The Duffy blood group antigen, also known as Duffy antigen receptor for chemokines (DARC), is a glycoprotein receptor that plays a significant role in human immunity and disease. Named after its discovery by the hematologist Terence Hamblin in 1950, the Duffy antigen was initially identified as a blood group system. Individuals can be classified as Duffy positive (Fy^a/b^+) or Duffy negative (Fy^a/b^-), based on the presence or absence of the Duffy antigen on red blood cells.

DARC: A Versatile Chemokine Receptor

Duffy antigen receptor for chemokines (DARC) is known for its unique ability to bind a wide range of chemokines. Chemokines are small signaling proteins secreted by cells to attract immune cells to sites of infection, inflammation, or tissue damage.

The broad binding specificity of DARC allows it to interact with various chemokines, including those involved in immune responses, inflammation, and tissue repair. Through these interactions, DARC influences the movement and positioning of immune cells within the body. By binding and sequestering chemokines, DARC modulates the immune response, controlling the recruitment and activity of immune cells in different tissues and organs. This function not only contributes to normal immune responses but also has implications in various diseases, including inflammatory disorders and infections.

Beyond its blood group function, DARC is primarily recognized as a chemokine receptor, participating in immune responses and inflammation. DARC binds various chemokines, which are small signaling proteins involved in immune cell trafficking and activation. Through its interactions with chemokines, DARC influences the migration and localization of immune cells, playing a crucial role in the immune defense against pathogens and in inflammatory processes.
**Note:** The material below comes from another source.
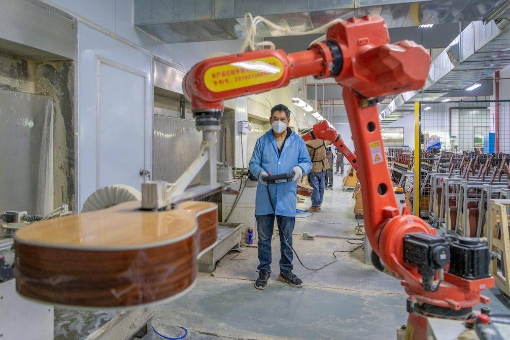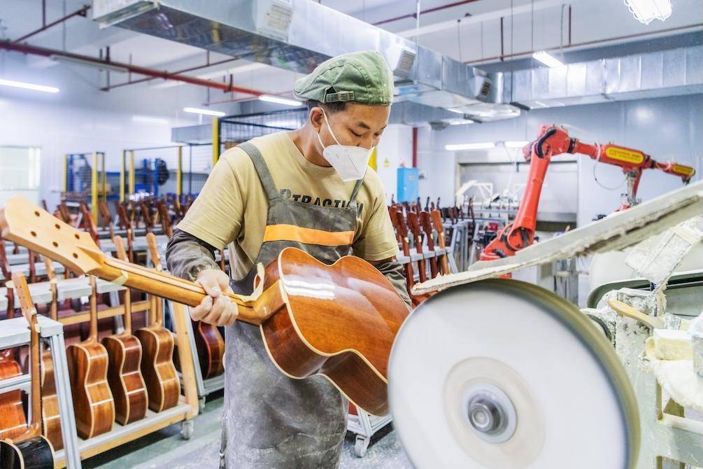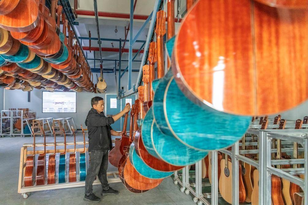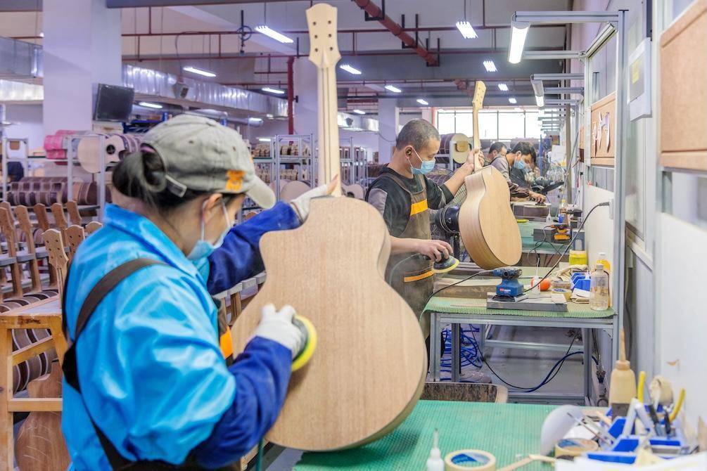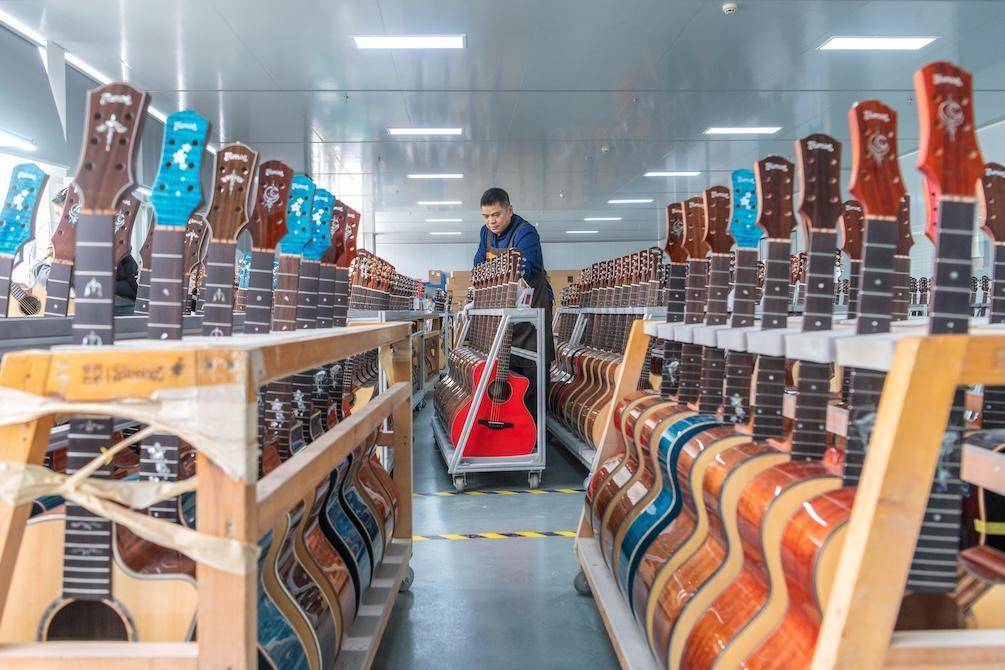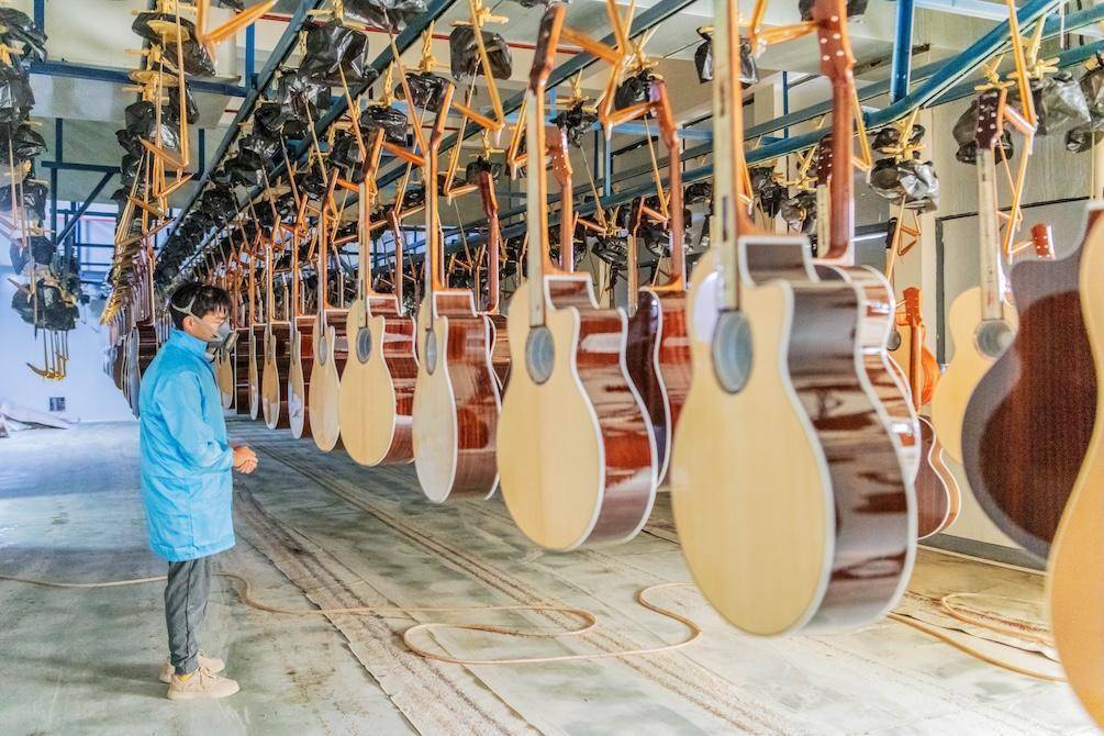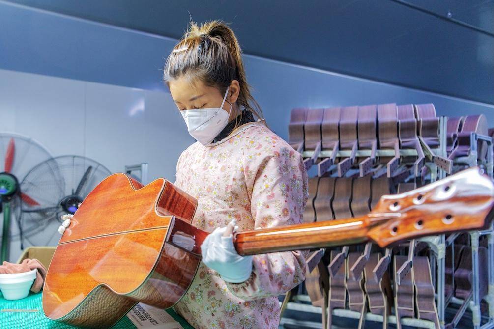 工人在生产车间赶制吉他。蔡小平摄
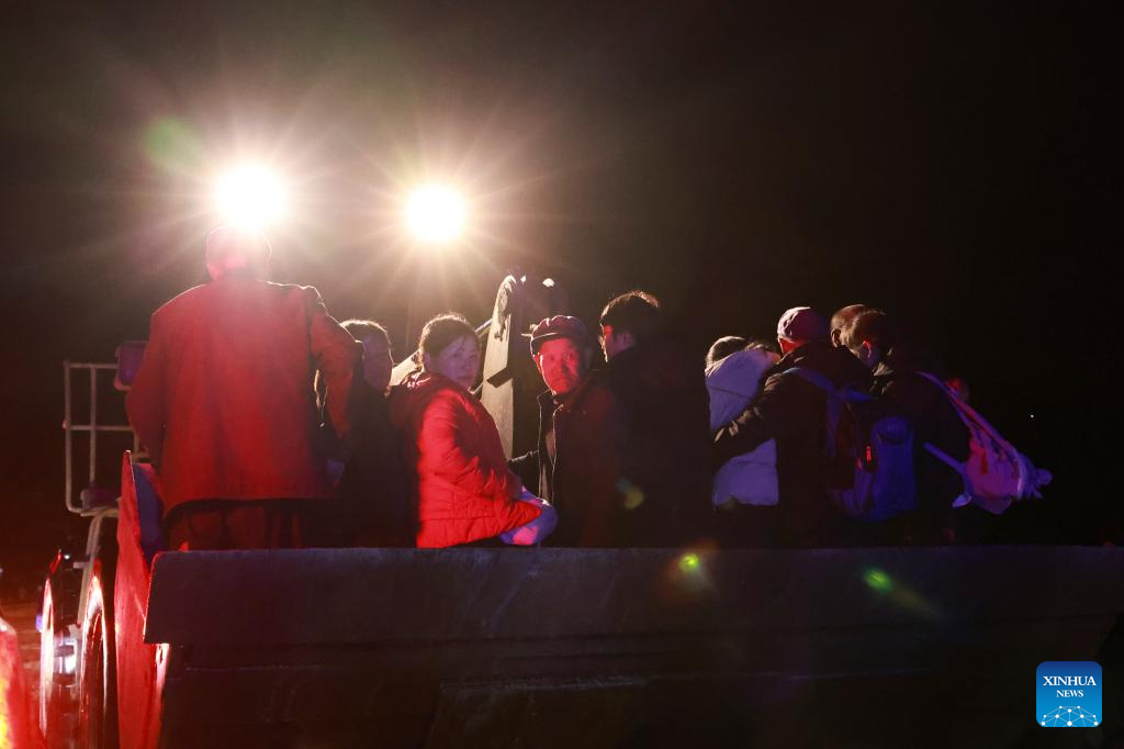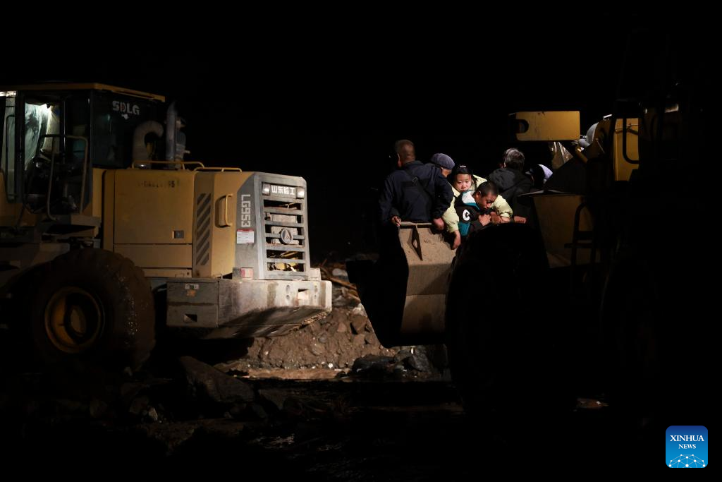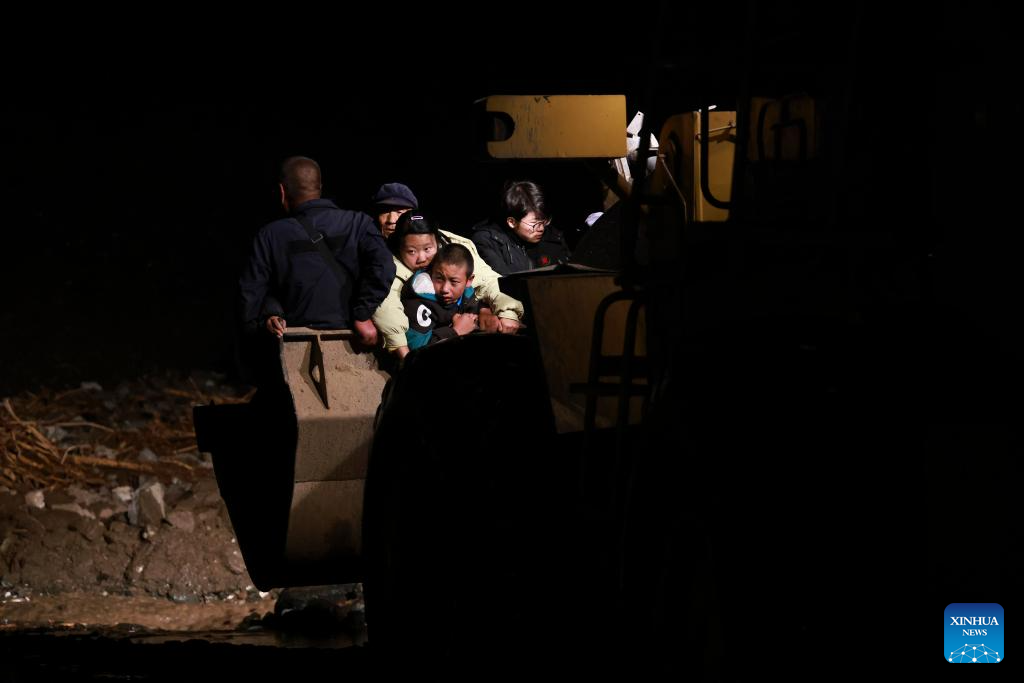 Affected residents are evacuated by a loader at Maliantan Village in Yuzhong County of northwest China's Gansu Province on Aug. 8, 2025. Rescue efforts are underway after continuous heavy rainfall triggered mountain torrents in Yuzhong County.

DARC and Malaria: Unraveling the Parasitic Connection

Duffy Antigen Receptor for Chemokines (DARC) plays a pivotal role in the context of malaria, a life-threatening infectious disease caused by Plasmodium parasites. Plasmodium vivax, a parasite causing malaria, relies on DARC for red blood cell invasion, and the absence of DARC in Duffy-negative individuals provides resistance against P. vivax malaria. Specifically, DARC serves as a receptor on red blood cells, facilitating the invasion of Plasmodium vivax, one of the malaria-causing parasites. Individuals lacking DARC expression, known as Duffy-negative individuals, exhibit a natural resistance to P. vivax malaria. The absence of DARC on the surface of red blood cells prevents the parasite from entering these cells, providing a unique genetic defense mechanism against this particular strain of malaria.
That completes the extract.